CS131 learning notes #0

Posted by quartney on Fri, 31 Dec 2021 18:57:24 +0100

CS131 learning notes #0

1. Introduction to numpy

The essence of image recognition processing is matrix operation. python's numpy library performs this kind of operation, so learning numpy is a necessary step before image learning.

import numpy as np is usually used to use the numpy package

1.1 general creation method of matrix

  • Cannot create an empty array
  • General method of creating array: y = NP array([[1,2,3,4,5], [6,7,8,9,10]])
  • Read size: y.shape
  • Create zero matrix: NP Zero ((3,3)) # creates a 0 matrix with a size of 3 * 3
  • Create unit array: identity = NP identity(3)
  • Create all one matrix: ones = NP ones((2,2))

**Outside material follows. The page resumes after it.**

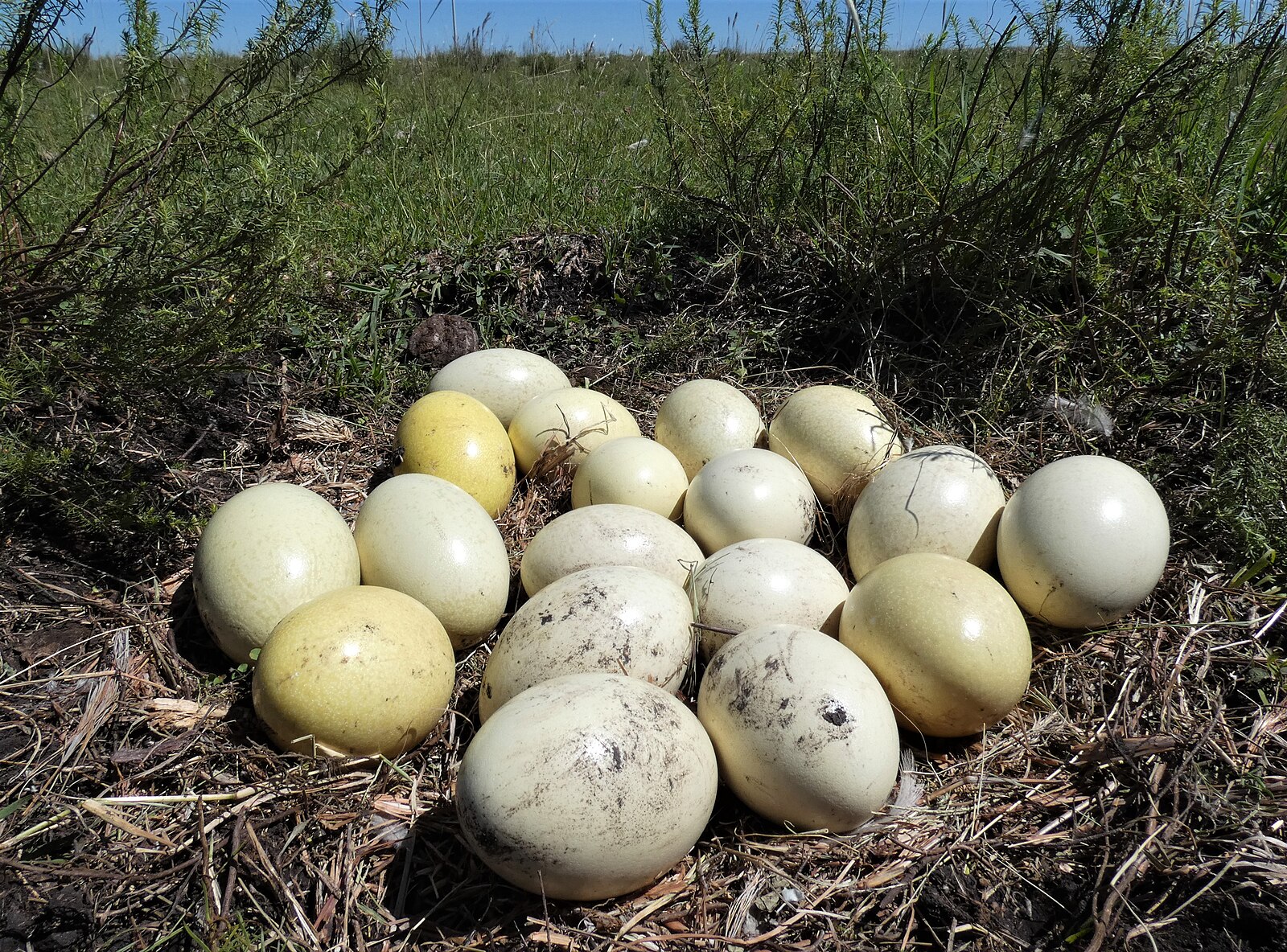 . A párzási időszakban hallatott jellegzetes hangjuk a messzehangzó "dobolás", amelyet a hosszú, felfújt légzacskójuk erősít fel. A tojó 5-25 db. átlagosan 8-10 sötétzöld színű tojást tojik. A 13 centiméter hosszú és 700-900 grammos tojás a tojó testsúlyának mindössze 1,5%-a, amely az egyik legkisebb arány a madarak világában. Az emuknál is felcserélődik a nemek szerepe a költés és az utódgondozás terén. A költés a hímek feladata. A nőstények sokszor a környéken maradnak, és kitartóan őrzik a területüket. |

1.2 Broadcasting and NP Use of mean

import numpy as np
#If we want to adjust the row average of any matrix to 0:
matrix = 10*np.random.rand(4,5)
row_means = matrix.mean(axis = 1).reshape((4,1))
matrix = matrix - row_means
print(matrix)
#axis does not set a value, calculates the mean value of m*n numbers, and returns a real number
#axis = 0: compress rows and calculate the mean value of each column
#axis =1: compress the column and calculate the average value of each row

1.3 numpy.random usage

  • numpy. random. Random use
#Three parameters: low, high and size. The default high is None. If there is only low, the range is [0, low]. If there is high, the range is [low,high).
#Returns a random integer in a semi open interval [low, high].
>>> np.random.randint(2, size=10)
array([1, 0, 0, 0, 1, 1, 0, 0, 1, 0])

>>> np.random.randint(1, size=10)
array([0, 0, 0, 0, 0, 0, 0, 0, 0, 0])

>>> np.random.randint(5, size=(2, 4))
array([[4, 0, 2, 1],
       [3, 2, 2, 0]])
  • numpy.random.rand use
#This function can return one or a group of random sample values subject to "0 ~ 1" uniform distribution. The value range of random samples is [0,1], excluding 1. 
>>> np.random.rand(3,2)
array([[ 0.14022471,  0.96360618],  
       [ 0.37601032,  0.25528411],  
       [ 0.49313049,  0.94909878]]) 
  • numpy.random.randn usage
#The randn function returns one or a set of samples with a standard normal distribution.
np.random.randn(2,4)
array([[ 0.27795239, -2.57882503,  0.3817649 ,  1.42367345],
      [-1.16724625, -0.22408299,  0.63006614, -0.41714538]])
#standard normal distribution
#The standard normal distribution, also known as u distribution, is a normal distribution with 0 as the mean and 1 as the standard deviation, which is recorded as N (0,1).

1.4 use of Boolean masks

  • Basic judgment
import numpy as np
array = np.array(range(20)).reshape((4,5))#Matrix of 4 * 5,1-20
print(array)

output = array > 10
output
#out: 
array([[False, False, False, False, False],
       [False, False, False, False, False],
       [False,  True,  True,  True,  True],
       [ True,  True,  True,  True,  True]])

array[output]
#out: 
array([11, 12, 13, 14, 15, 16, 17, 18, 19])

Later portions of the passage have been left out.